Potential Implications
The substantial improvement in the contiguity and completeness of the assemblies and predicted genes from the Hawaiian M. capitata, P. meandrina, P. acuta, and P. compressa species will enable many follow-up studies. The chromosome-level assembly of the M. capitata isolate will not only serve as a key reference genome for future population studies focusing on this species in Hawaii but also enable more detailed studies on genome content (such as repeats), gene content, and gene synteny with other species from reefs across the world. The P. acuta genome, although not at chromosome-level resolution, is the most complete available for this genus and will be a valuable model for not only comparative analysis but also analysis of ploidy in corals. As the first assembly ever generated from a nondiploid coral, these data will open up new questions surrounding the role of ploidy in coral evolution and adaptation and how this phenomenon is involved in the life cycle of this species and potentially other Pocillopora species, in both Hawaiʻi and other reefs across the world. These questions are critical, because an understanding of how changes in ploidy evolve in these corals, particularly in response to stress, will help us model the response of these ecosystems to anthropogenic climate change and may even provide a new avenue of research for the development of stress-resistant “super” corals.
Data Availability
The SRA Run IDs of the Omni-C data generated from the Hawaiian M. capitata, the PacBio and Illumina genome data used for genome assembly, and the RNA-seq data used for gene prediction are listed in Supplementary Table S1 for each species. The genome assemblies, predicted genes, and functional annotations are available at Rutgers's website for the Hawaiian M. capitata [59], P. acuta [60], P. meandrina [61], and P. compressa [62]. The data from the other Montipora, Pocillopora, and Porites species used in this study are available from their respective repositories listed in Supplementary Table S5. Supporting data and materials are available in the GigaDB database [63], with individual datasets for M. capitata [64], P. acuta [65], P. meandrina [66], and P. compressa [67].
Additional Files
Supplementary Fig. S1. GenomeScope2 (left) and Smudgeplot (right) profiles for (A) Hawaiian M. capitata (this study), (B) Waiopae tide pools M. capitata, (C) M. cactus, (D) M. efflorescens, (E) P. meandrina (this study), (F) Hawaiian P. acuta (this study), (G) Indonesian P. acuta, (H) P. verrucose, (I) P. compressa (this study), (J) P. australiensis, and (K) P. lutea. The profiles were computed for each species using 21-mers generated from the trimmed short-read data listed in Supplementary Table S5.

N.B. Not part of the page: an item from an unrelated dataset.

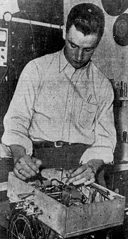 ![]() Sturgeon, circa 1942, during his off-season job repairing radios in Long Beach, California. | |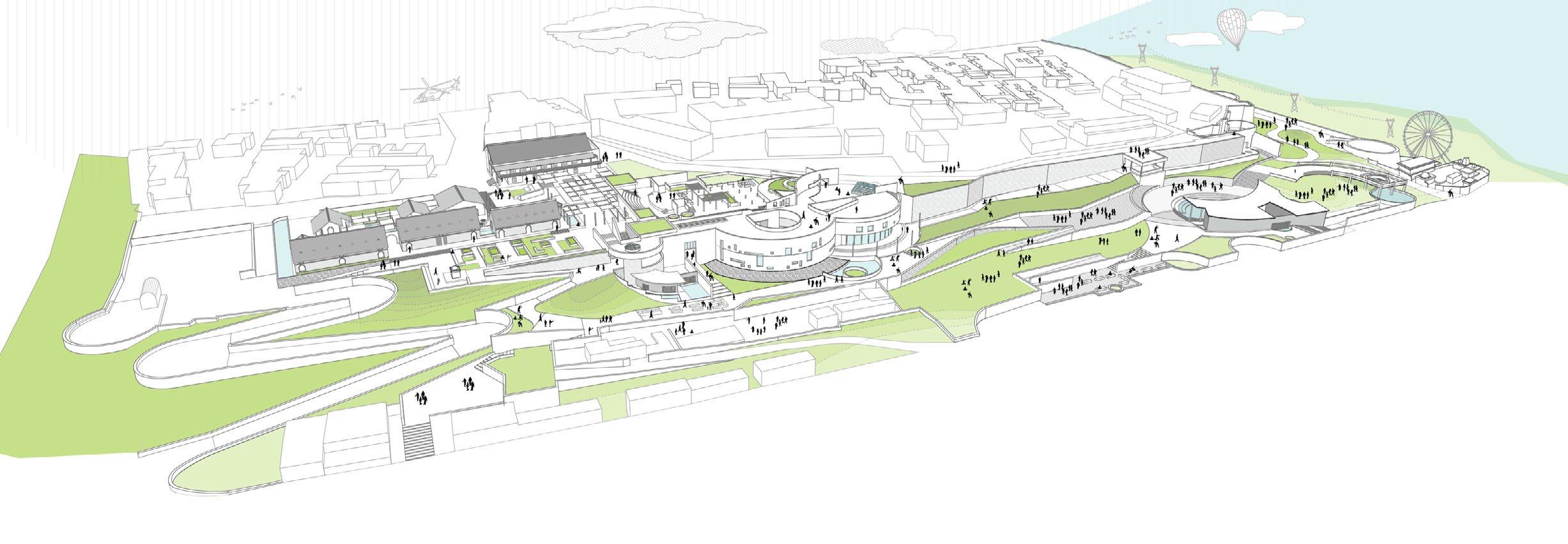 leaving aside 4 acres for future expansions. The rest 8 acres opens a transition area from the built context to the sea.

Supplementary Table S1. Summary of read data used for genome assembly and gene prediction.
Supplementary Table S2. Summary of coral assemblies before and after haplotype merging.

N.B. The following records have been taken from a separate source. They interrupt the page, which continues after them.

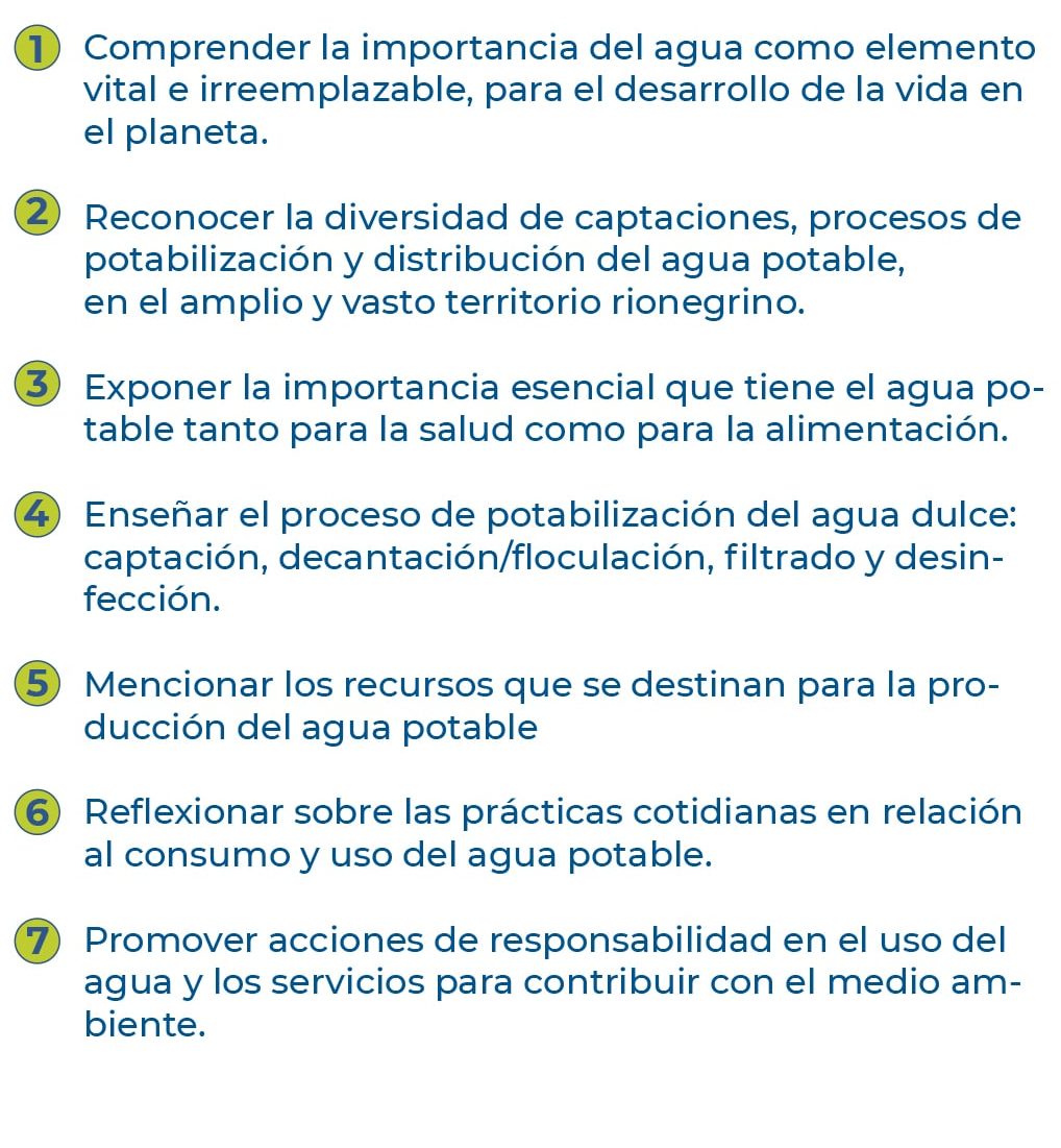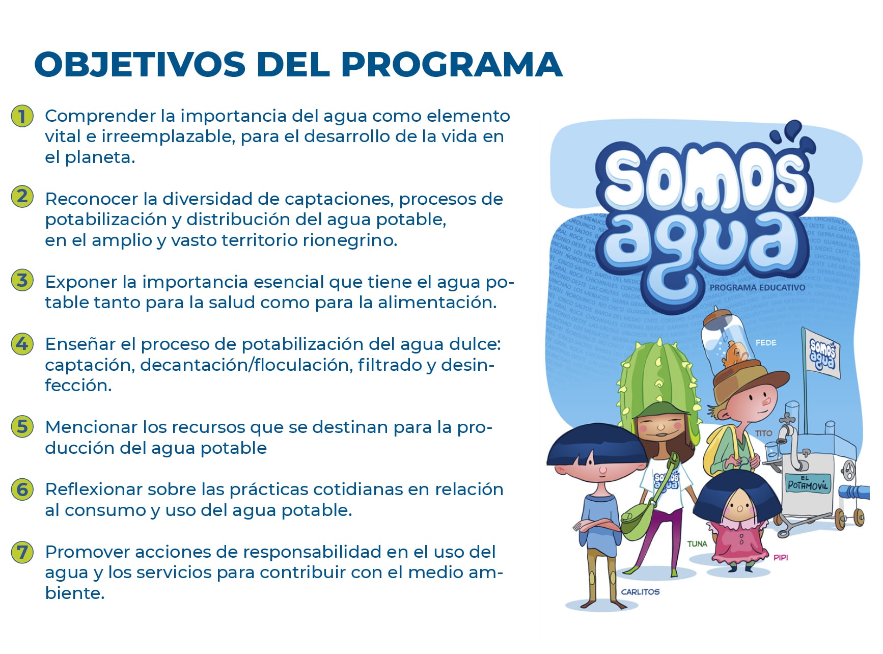 Somos Agua tiene la modalidad de charla/taller, donde el objetivo principal es conocer el AGUA: cantidad y disponibilidad de agua en el mundo, diferencia entre agua salada y dulce, la escasez del agua dulce en el mundo, las fuentes naturales de agua dulce en la provincia de Río Negro y cómo es su potabilización según la zona de residencia; usos del agua dulce; el agua como alimento, importancia de su consumo.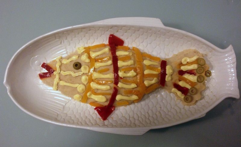 Il Pesce finto (o Pesce morto...) è davvero un ottimo antipasto, di solito molto gradito anche ai bambini. Vi servono, per il pesce: 1 chilogrammo di patate (meglio a pasta gialla, dato che le dovete schiacciare), 50 gr di burro, il succo di mezzo limone, due scatolette di tonno sott’olio, 4 cucchiai di maionese, sale e pepe q.b. Come si procede: pelate le patate, lavatele, tagliatele in pezzi, grossolanamente, e fatele lessare in abbondante acqua salata fino a quando non saranno morbide (tastatele con la forchetta, scolatele quando affonda con facilità). Trasferitele in una terrina abbastanza grande, in cui avrete già collocato il burro tagliato a tocchetti, e schiacciatele con uno schiacciapatate di quelli con il manico (in questo modo, amalgamerete contemporaneamente gli ingredienti). Aggiungete quattro cucchiai di maionese, il succo di mezzo limone, assaggiate e aggiustate di sale e di pepe. Dovrete ottenere un mousse cremosa, ma non molle. A questo punto cercate una barchetta piuttosto grande e modellate il pesce, cercando di ottenere uno strato omogeneo di mousse. Lasciate raffreddare in frigorifero. Ora non resta che decorarlo, ma prima vi propongo una ricetta per la maionese (potete farla in casa o utilizzare quella in tubetto, quella casalinga è sicuramente più buona!): ci vogliono due tuorli, 250 ml di olio di semi di girasole (per i miei gusti con l’olio extravergine risulta troppo forte, per questo piatto serve un sapore delicato), un cucchiaino di aceto, il succo di mezzo limone, sale e pepe q.b. Tutti gli ingredienti devono essere a temperatura ambiente. Mettete i tuorli in una terrina (in questo caso utilizzerete uno sbattitore e frusta) o nel robot da cucina (usate le fruste) e batteteli con l’aceto, il sale e il pepe. A questo punto iniziate ad incorporare l’olio goccia a goccia, fino ad ottenere una salsa piuttosto densa. Quando avrà la consistenza voluta aggiungete il succo del limone, aggiustate di sale, poi copritela con la pellicola e lasciatela riposare in frigorifero. Torniamo al pesce: per decoralo potete usare sottaceti di vario genere (peperoni, cetriolini, carciofini, capperi, olive) l’importante è essere creativi. Nel pesce che vedete nella fotografia, per esempio, ho utilizzato peperoni e olive. Ah! Dimenticavo! Se la maionese è fatta in casa non spargetela con il cucchiaio, ma usate una siringa per dolci. L’impatto estetico sarà migliore!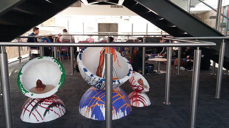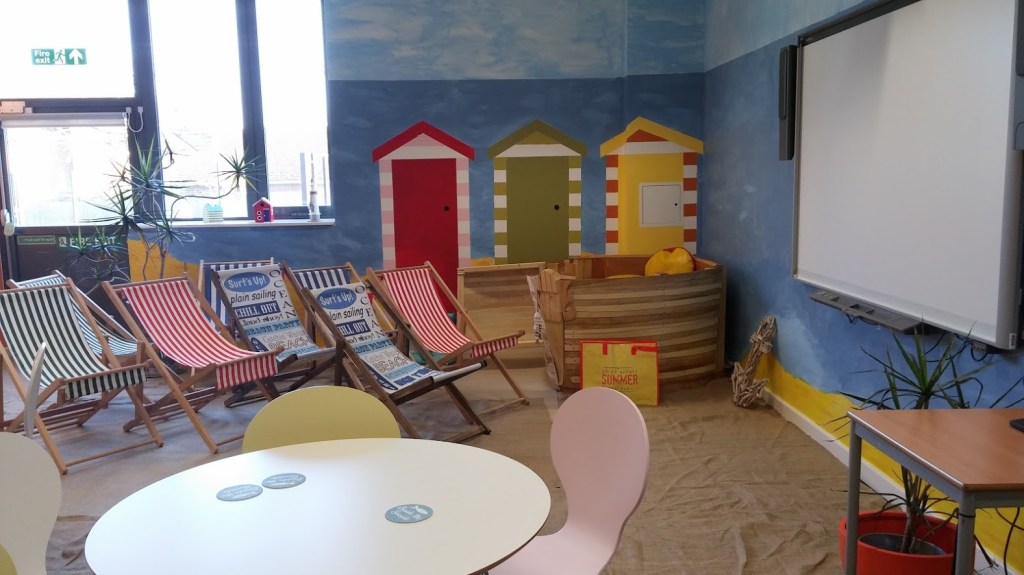 זה, אגב – חדר שבו מתקיימות פגישות צוות. אין בבי"ס חדר מורים ענק כמו שאנחנו מכירים מבתיה"ס שלנו, אלא מספר חדרי מורים קטנים באזורים שונים בביה"ס שבהם יש שולחן אישי ופינת עבודה אישית לכל מורה. את חדר חוף-הים הזה עיצבה וצבעה בעצמה סגנית המנהל: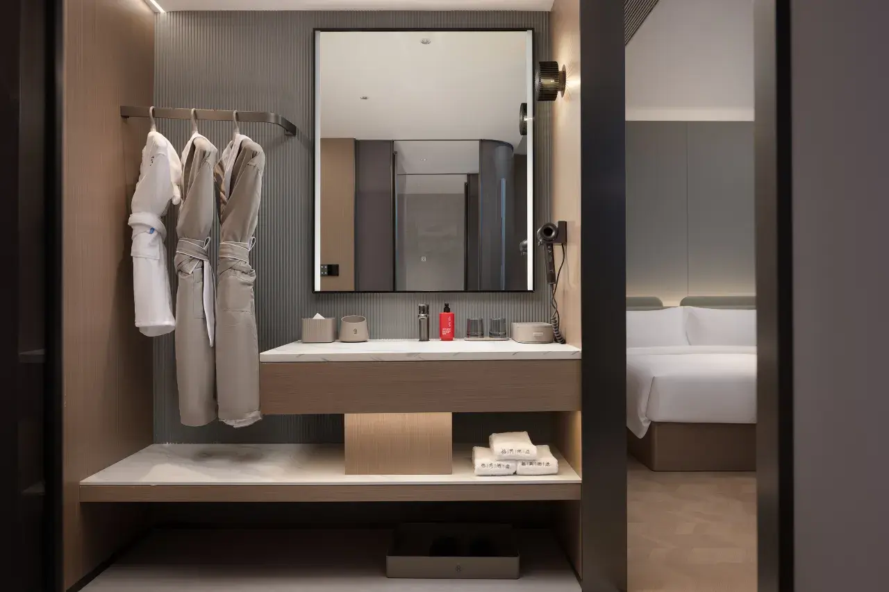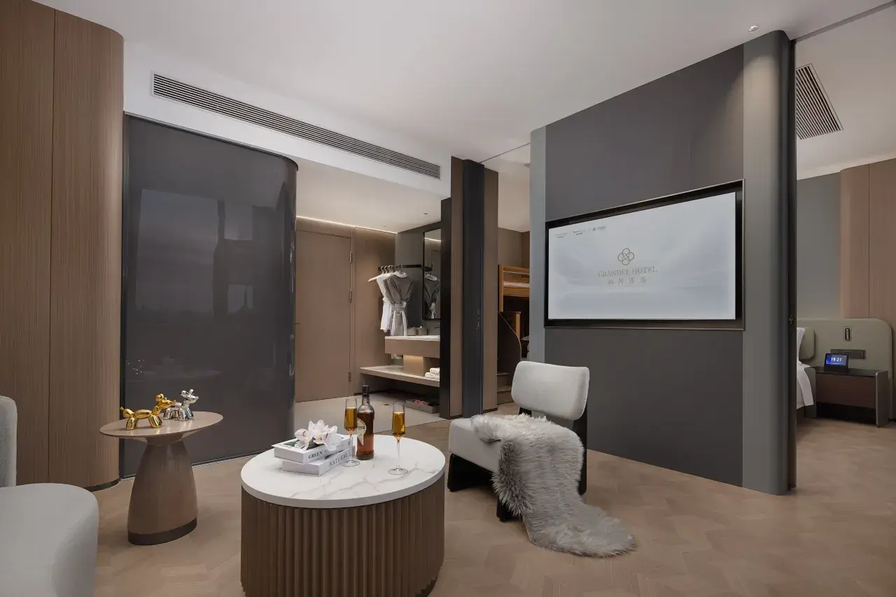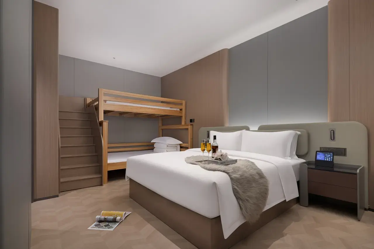 Experience comfort and convenience tailored for the whole family in the Comfy Family Room at the Grandee Hotel (Guangzhou Panyu Chimelong Safari Park Branch). Located at No. 463 Fushi Road, Panyu District, this room is specifically designed to accommodate larger groups or families visiting Guangzhou’s famous attractions.

Supplementary Table S3. List of Symbiodiniaceae genomes used to assess symbiont contamination in the coral genome assemblies.
Supplementary Table S4. Top 10 BLASTn hits against the NCBI's nt database for regions of coral scaffolds with greater than a given coverage of hits to Symbiodiniaceae assembled genomes.

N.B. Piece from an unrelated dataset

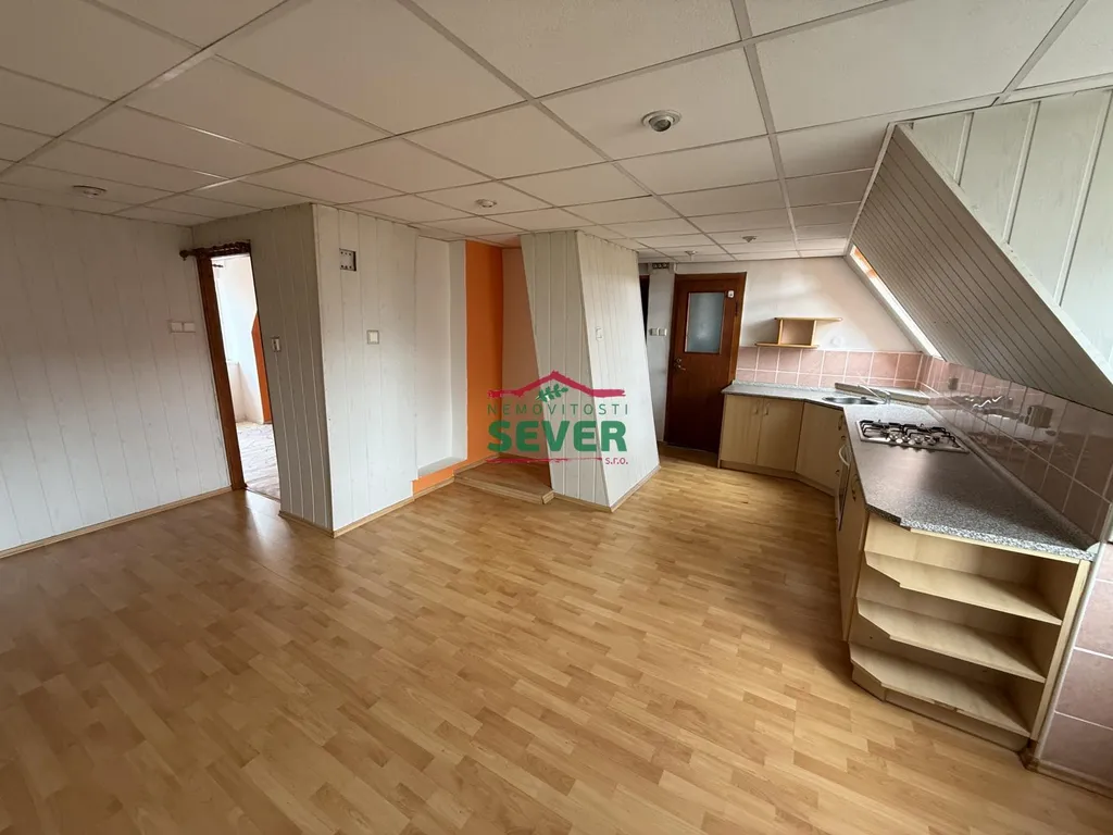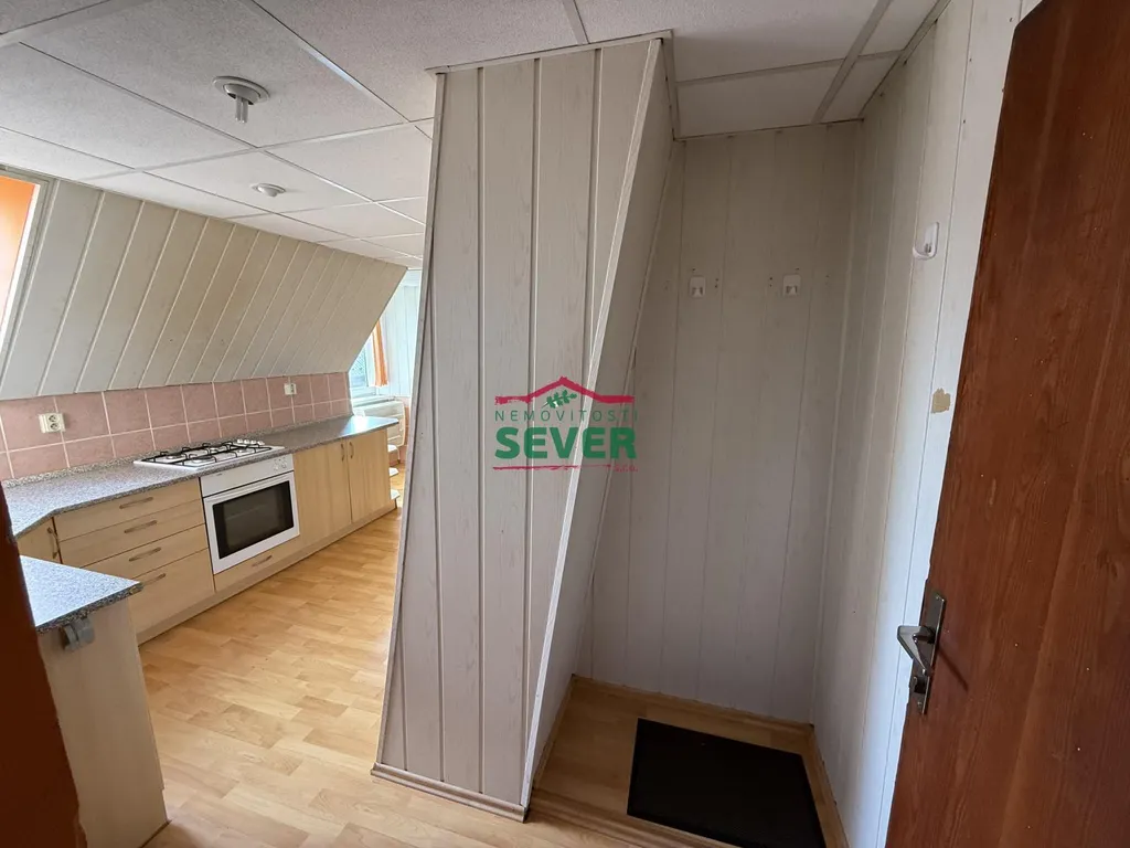 Nemovitosti SEVER vám zprostředkují prodej bytu 2+kk v osobním podílovém spoluvlastnictví, Horní Litvínov, okr. Most, Komenského. Bytová jednotka po částečné rekonstrukci, o výměře 48 m2, se nachází ve třetím nadzemním podlaží cihlového domu a jeho součástí je velký sklep, půda a pozemek za domem, který se používá jako zahrada k relaxaci. Půdní prostor lze dokoupit k vytvoření další místnosti. V podkrovním bytě je kuchyně propojena s obývacím pokojem. Je zde nová rohová kuchyňská linka obložena dlaždičkami, kombinovaný sporák, na zemi plovoucí podlaha. V ložnici je krytina PVC a zadní místnost jde používat jako šatna. Jsou zde nová okna Velux, dřevěné dveře se zárubněmi, rozvody vody v plastu a topení v mědi. Koupelna a WC jsou společné ve zděném jádru, v částečném keramickém obkladu. Je zde sprchový kout, přípojka na pračku, odvětrávací okno a plynová karma na ohřev vody. Vytápění bytu je řešeno plynovými gamaty. Byt je možné zakoupit i s nájemníkem na investici. Dům se nachází v klidné části města bez problémových nájemníků v blízkosti centra města.

Supplementary Table S5. Metadata for the genome and gene models downloaded for the coral species used for comparative analysis.
Supplementary Table S6. Results from nQuire lrdmodel ploidy estimation for the Hawaiian coral genomes analyzed in this study.
Supplementary Table S7. Comparison between the published Montipora, Pocillopora, and Porites genomes and those generated in this study. All statistics were calculated in this study using the available genome and gene models.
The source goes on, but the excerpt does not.